[Date Prev][Date Next]   [Thread Prev][Thread Next]   [Thread Index] [Date Index] [Author Index]

Re: "Out of Memory: Killed process" errors on server running Oracle



Hi Tom,

First off, thanks for all your thoughts & ideas.

> I think the KB article in question references Fedora Core 3 and
> basically says FC3 is not supported so your on your own.

Yes it does, but the symptoms seem to be the same.

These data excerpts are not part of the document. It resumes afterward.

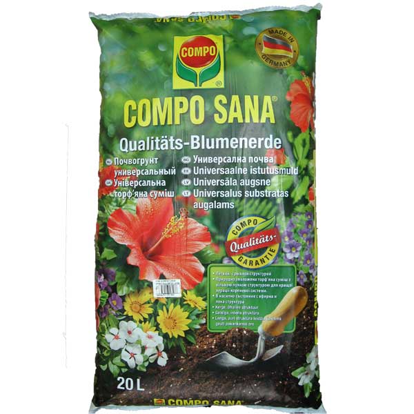 Сумішка Compo Sana універсальна - це легкий торф'яний субстрат, насичений стимуляторами росту коренів та корисними мікроелементами. Ґрунтосуміш має однорідну структуру, завдяки якій підходить як для садових рослин, так і для теплиць та кімнатних рослин. Містить вулканічну пил, що забезпечує коріння киснем, а також фірмову добавку Agrosil. Основа виробництва продукту видобувається з кар'єрів північ від Німеччини. Призначення: Грунтосуміш Compo Sana застосовується для висадки рослин, добрива ґрунту та посадки газонів. Використання: Compo Sana універсальна поставляється виробником вже готової до використання. Перед насипом рекомендується зробити дренаж, укладається субстрат за рівнем горщика або лунки. При посадці рослин і саджанців грунт суміш обов'язково зволожується і розпушується. Рекомендації до пікірування: У горщику з насипом потрібно зробити лунку, що відповідає корінням рослини. За потреби кореневища підрізаються. У підготовлений отвір вставляють у розправленому вигляді, після чого акуратно присипають торф'яною сумішшю. Кислотність pH: 5.0-6.5 Склад: Розчинний азот, калій, фосфор, добавка для росту та зміцнення кореневої системи (Agrosil), Perlit.
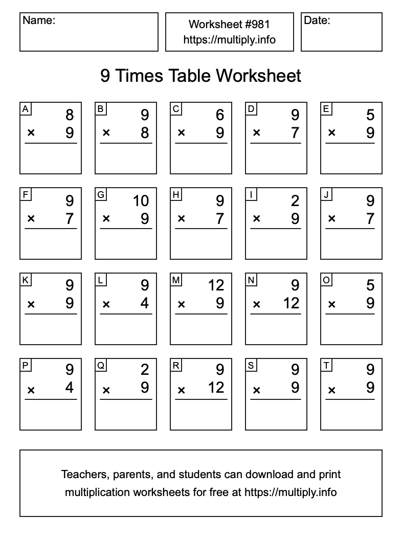 Here is the 9 Times Table Worksheet #981. This worksheet contains problems related to the multiplication table of 9. Print and/or save the worksheet using the buttons below the image. You can also drag or right-click on the image to download it to your device.
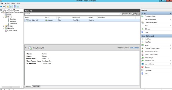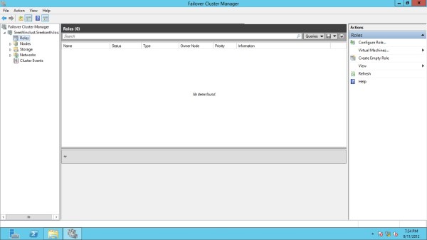 Here is the Snapshot of my Cluster manager before I enable AlwaysOn on SQL Instances…(Just keep this in mind that there are no Roles for now)
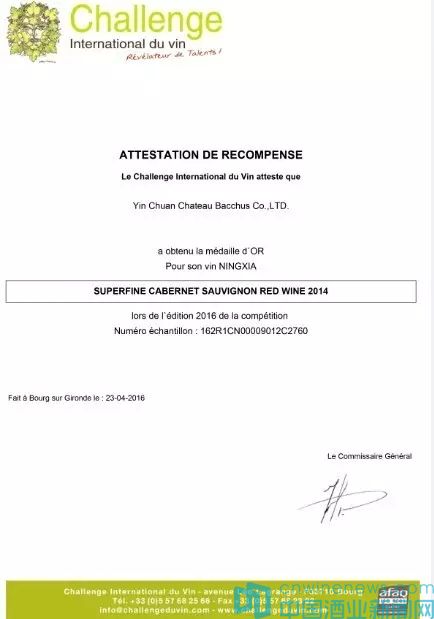該葡萄酒大賽是由法國組織的國際最大規模、最高品質并由ISO9001國際認證的葡萄酒挑戰賽。此次賽事中有來自世界37個國家的4162余款葡萄酒競相角逐,并由700位來自世界各地的葡萄酒專家及資深葡萄酒愛好者評定出了最后贏家。
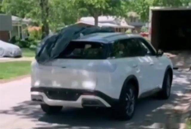 根据曝光图片来看,新车仅拍摄到车尾部分,不过由于是截图的原因,图片的清晰度不高,但基本可看出大致轮廓。从图片上仍然可以看到全新英菲尼迪QX60的路试车的外观还带有部分的伪装,它的尾灯的部分采用了伪装进行覆盖,外观上,采用了悬浮式的车顶的设计,新车的D柱采用了前倾式的设计,并采用了黑色的涂装。可以说与国内绝大多数国产车型造型相似。
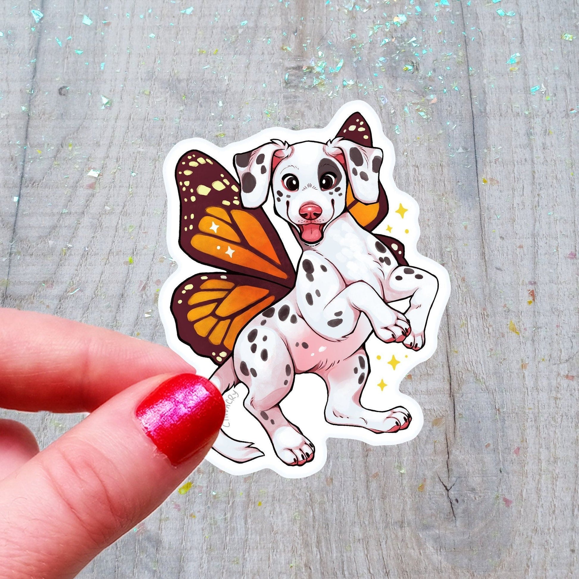 Pegatina de vinilo con diseño de hada y gatito gecko dálmata
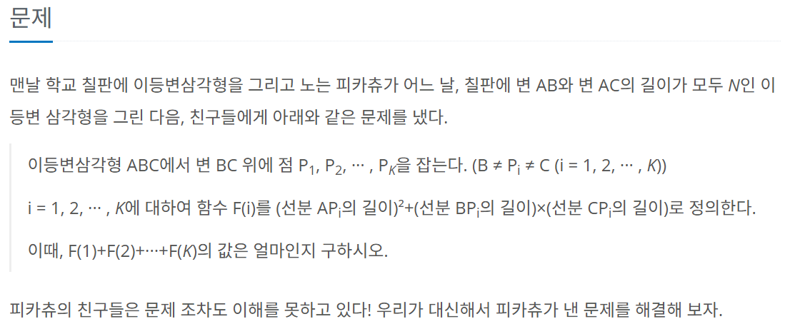 - 앞서 나타낸 식으로 $\overline{BP_i}\times \overline{CP_i}$를 나타낼 수 있다.이를 바탕으로 $F(i) = \overline{AP_i}^2 + \overline{BP_i}\times \overline{CP_i}$를 계산해보면,이때, i값은 1부터 k까지 변화하므로 $\displaystyle\sum_{i=1}^{k} F(i) = \displaystyle\sum_{i=1}^{k} N^2 = N^2 \times K$이다.

> If you really think the kernel is not out of memory you could simply
> turn the OOM killer off (sysctl vm.oom-kill=0).  I think this needs a
> fairly recent for RHEL3 (I think around U6).  Of course, if the system
> is actually out of memory then it will simply hang or panic rather than
> kill a process and survive.

Been there, done that - got mixed results at best.

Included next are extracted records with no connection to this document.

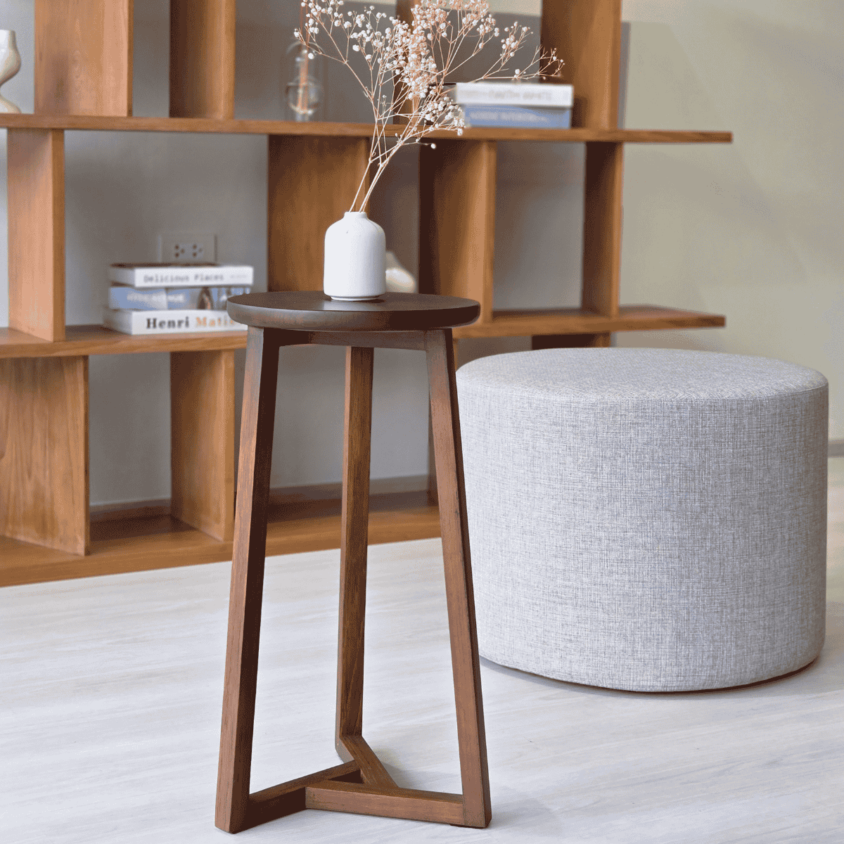 โต๊ะข้างไม้สักทองพม่าที่โดดเด่นด้วยดีไซน์ขาโต๊ะทรง Triangle-Leg เรียบแต่มีคาแร็กเตอร์ สัดส่วนถูกออกแบบให้ดูเบาและมั่นคงในเวลาเดียวกัน เหมาะสำหรับวางข้างโซฟาหรือเก้าอี้อาร์มแชร์ เติมรายละเอียดของงานไม้แท้ให้พื้นที่ดูมีชั้นเชิงโดยไม่ดึงความสนใจเกินจำเป็น
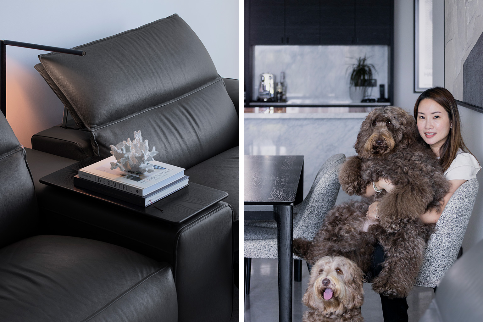 The luxurious King Living recliner King Cloud V (left) is the centrepiece of Ms Valerie Sim’s family's living room, which they share with two adorable labradoodles.
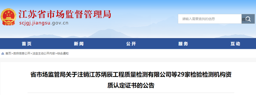 江苏省市场监管局关于注销江苏炳辰工程质量验收有限公司等29家检验验收机构资质认定证书的公告
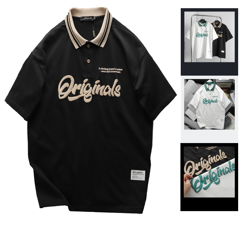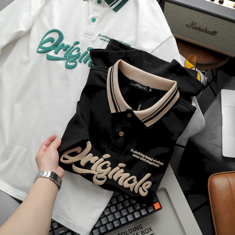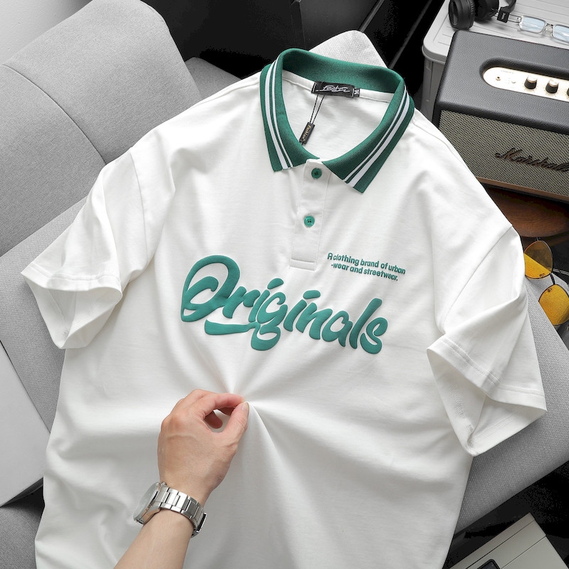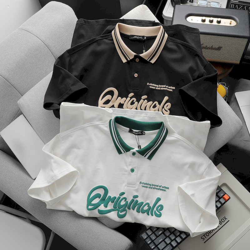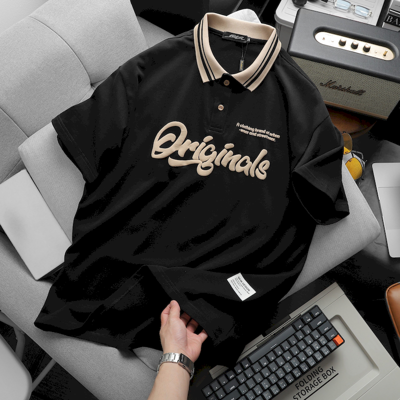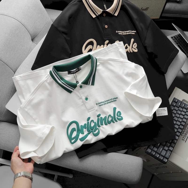 Áo Thun Nam Cổ Bẻ Oversize In Chữ Originals Big Size 110kg
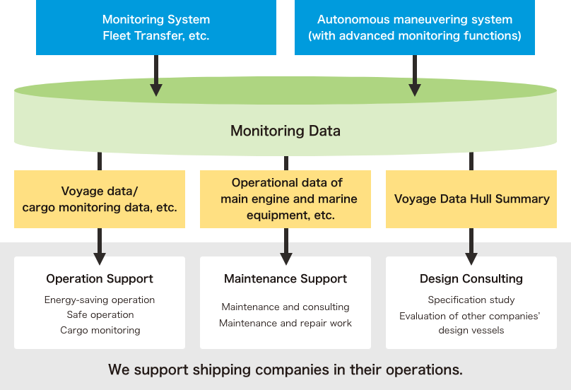 We aim to provide services and products that can realize energy-saving operation, safe operation, and cargo management by utilizing maneuvering system and monitoring data from Fleet Monitor and Fleet Transfer.

> You could also try playing with overcommit_memory and overcommit_ratio
> settings.  By default the Linux kernel will allow memory overcommit
> which will actually allow you to start more VM's than you could ever
> really support.  If you've started more VM's than your memory will
> support they will still start up because of overcommit, but as the
> individual VM's actually use their pages they will hit the real limit
> and be killed.

I might try this, but I don't understand why a lightly-loaded server
with 16Gb of RAM is having this problem.  The total RAM configured for
all VMs is 7Gb - less than half of what's available.  Obviously running
VMs will generally use much less than they've been configured for.  I
understand that low memory starvation might be the culprit, but what's
frustrating is this has *never* been an issue on our older servers
running RHEL 3.  Even servers where the total RAM configured for all VMs
is much closer to the server's total RAM (say 3Gb out of 4Gb) never had
this problem. Starting multiple VMs simultaneously slowed the server
down considerably, which is to be expected, but no process were ever
killed and the load average never got as high as I'm seeing with RHEL 4.
What changed between the 2.4.x & 2.6.x kernels to cause this problem?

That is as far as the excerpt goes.